As new researchers and policymakers flock to the field of migration and the empirical study of migration diversifies, there is a need to explain and review new migration data sources to provide a better understanding of their respective limitations and strengths. This paper reviews eight data sources in terms of their reliability, validity, scope for research, access and ethics. The aim is to familiarize experienced and incoming migration scholars with new approaches. The review should be considered an attempt to contribute towards a broader process of interdisciplinary dialogue and expanding the empirical toolbox in migration studies.

Analytical framework

Defining migration

Before mapping novel data sources, it is important to first define migration for the purpose of this study and clearly delineate the scope of the review.

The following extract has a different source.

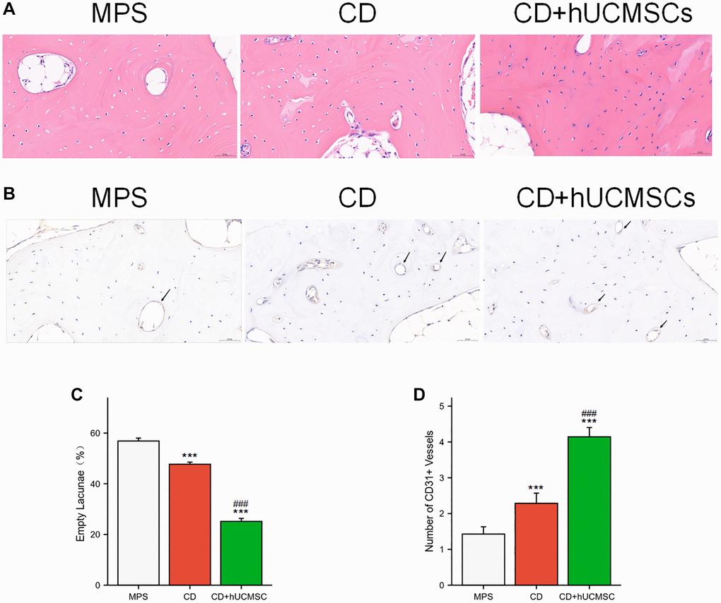 hUCMSCs reduced the incidence of empty lacunae and increased the number of CD31+ microvessels

Important aspects of definitions of migration are space (internal or domestic vs. international/ cross-border migration), time (short term vs. long term), type (e.g. labour, irregular, forced, family, education) and form (flows vs. stocks) (Bilsborrow, 2016; UN DESA, 2017). This review takes a broad and inclusive view in line with its aim to describe a menu of novel data sources for diverse groups of migration scholars and research interests. Here, migration will be defined as the changing of residence of an individual within or outside the boundaries of a country for longer than three months. While this definition is broad, it excludes certain types of mobility such as travel for the purpose of recreation, holiday, visits to friends or relatives, business, medical treatment or religious pilgrimage (which usually do not imply a change of residence).Footnote 3 The review considers data sources providing information on both migration flows (i.e. the number of migrants entering and leaving (inflow and outflow) a country over the course of a specific period, for example, one year) and migration stocks (i.e. the total number of migrants present in a given location at a particular point in time) (see Global Migration Group, 2017). The review considers any form and channel of migration including, among others, labour, family, forced and irregular migration and is not restricted geographically. In addition, to actual observed migration, the review also considers proxies for migration; such as, migration intentions, plans, desires, or aspirations that are commonly used to predict a future change of residence (Tjaden et al., 2019).Footnote 4 The review does not include how novel data can be used to research other fields of interest to migration scholars such as integration, the causes of migration, communication, or the impact of migration on society. These fields are not primarily concerned with or rely on (directly or indirectly) inferring migration flows or stocks from data.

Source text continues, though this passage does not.